Data to process ->
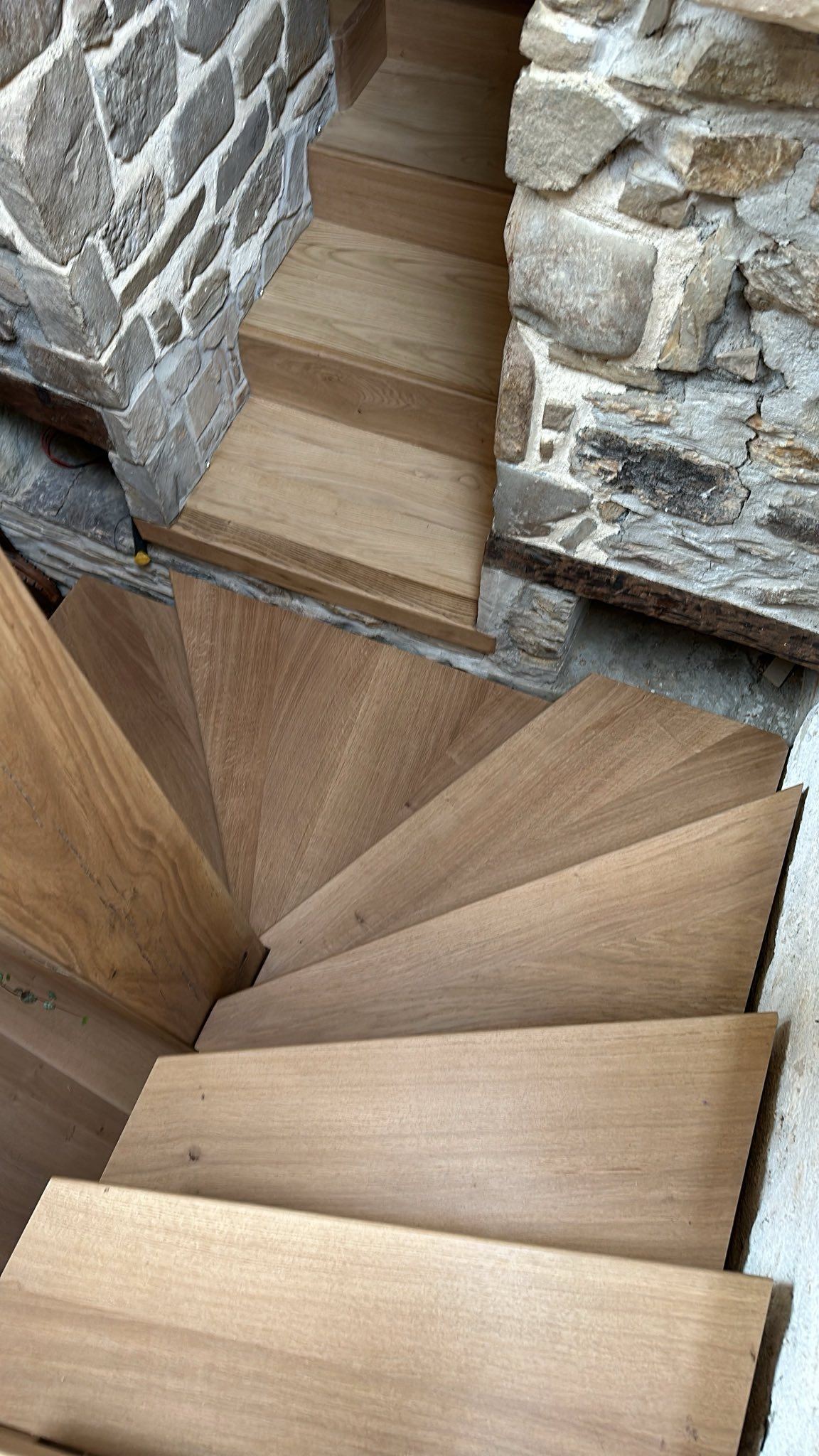 Finition: fondur et vitrificateur pour escalier Anova bois.
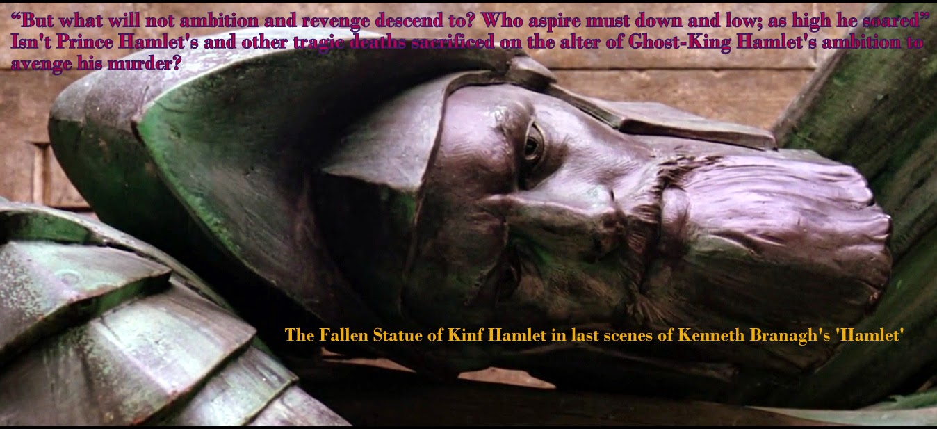 Second thing when play ends the camara goes near to the sculpture of King Hamlet. It marks that how much great you are you have to face fall in your life.
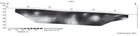 Perfil de resistividad eléctrica para el sector de El Chaquiro. La localización de la línea eléctrica se encuentra en la FIGURA 3.
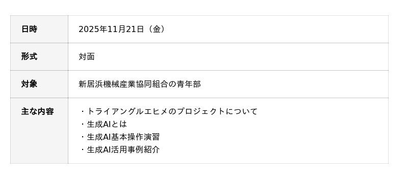 当社は、愛媛県が推進する「トライアングルエヒメ2.0」において『ものづくり企業におけるAI開発の内製化とAI人材育成プロジェクト』が採択されており、その取り組みで得た知見を地域企業にも還元すべく、えひめ東予産業創造センターと連携し、新居浜機械産業協同組合の青年部に向けて、トライアングルエヒメの取り組み紹介を含む生成AI勉強会を実施しました。
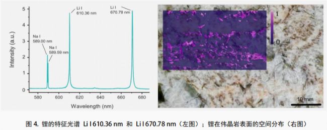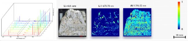 鋰可存在于多種礦物中,但僅有一部分在經(jīng)濟上可用于采礦,主要的富鋰礦物是偉晶巖中的鋰云母或鋰輝石,另一個重要來源是鹵水。測量鋰元素對幾乎所有分析技術(shù)來說都是一項具有挑戰(zhàn)性的任務(wù),但對 LIBS 來說并非如此,上圖揭示了FireFly對鋰礦進行鑒定和空間定量分析的應(yīng)用效果。
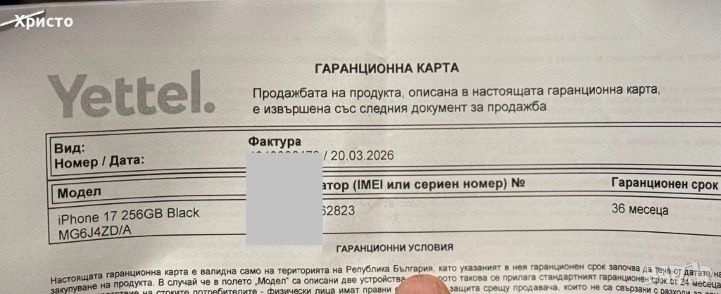 Закупен е на 20.03.2026 г. и има валидна гаранция от 36 месеца.
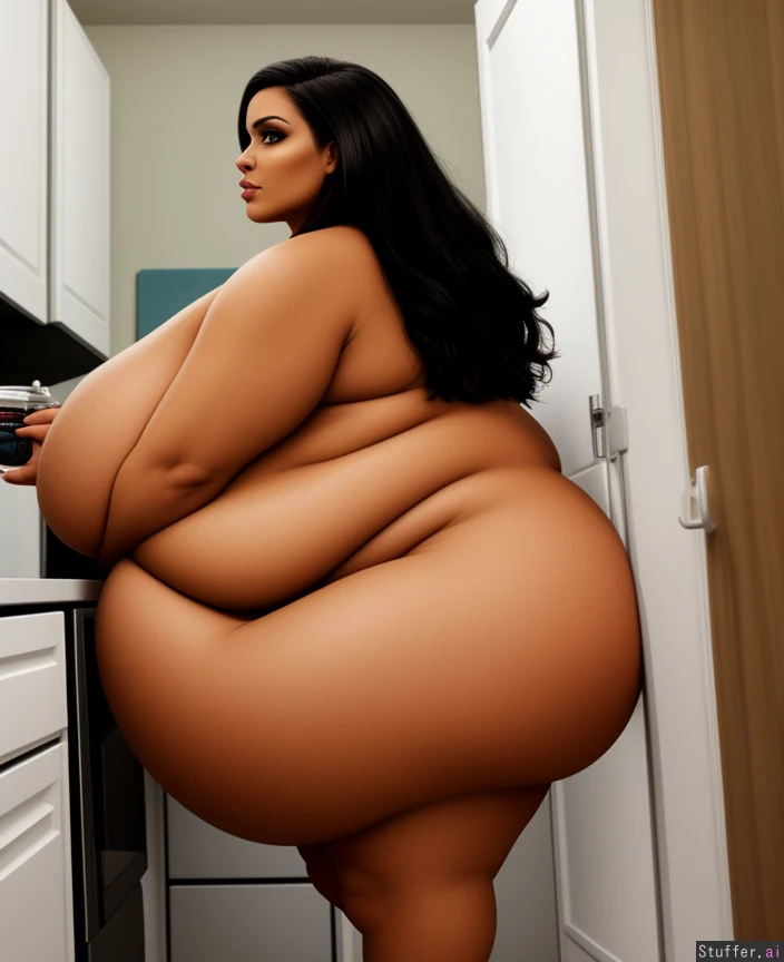 Latina, cute, plump, sexy, curvy, voluptuous, wide hips, ((((massive round low belly)))), standing in kitchen, pregnancy , ((side view)), massive ass, nude , fat legs, perfect anatomy , (((gigantic breasts, )))soft layer of thick fat all over

Task details -> All lines between the one that contains "Perfil de resistividad" and the end of the records above, both included, are to be returned exactly as they stand, except for pictures, which are omitted.

Result of this task ->
 Perfil de resistividad eléctrica para el sector de El Chaquiro. La localización de la línea eléctrica se encuentra en la FIGURA 3.
 当社は、愛媛県が推進する「トライアングルエヒメ2.0」において『ものづくり企業におけるAI開発の内製化とAI人材育成プロジェクト』が採択されており、その取り組みで得た知見を地域企業にも還元すべく、えひめ東予産業創造センターと連携し、新居浜機械産業協同組合の青年部に向けて、トライアングルエヒメの取り組み紹介を含む生成AI勉強会を実施しました。
 鋰可存在于多種礦物中,但僅有一部分在經(jīng)濟上可用于采礦,主要的富鋰礦物是偉晶巖中的鋰云母或鋰輝石,另一個重要來源是鹵水。測量鋰元素對幾乎所有分析技術(shù)來說都是一項具有挑戰(zhàn)性的任務(wù),但對 LIBS 來說并非如此,上圖揭示了FireFly對鋰礦進行鑒定和空間定量分析的應(yīng)用效果。
 Закупен е на 20.03.2026 г. и има валидна гаранция от 36 месеца.
 Latina, cute, plump, sexy, curvy, voluptuous, wide hips, ((((massive round low belly)))), standing in kitchen, pregnancy , ((side view)), massive ass, nude , fat legs, perfect anatomy , (((gigantic breasts, )))soft layer of thick fat all over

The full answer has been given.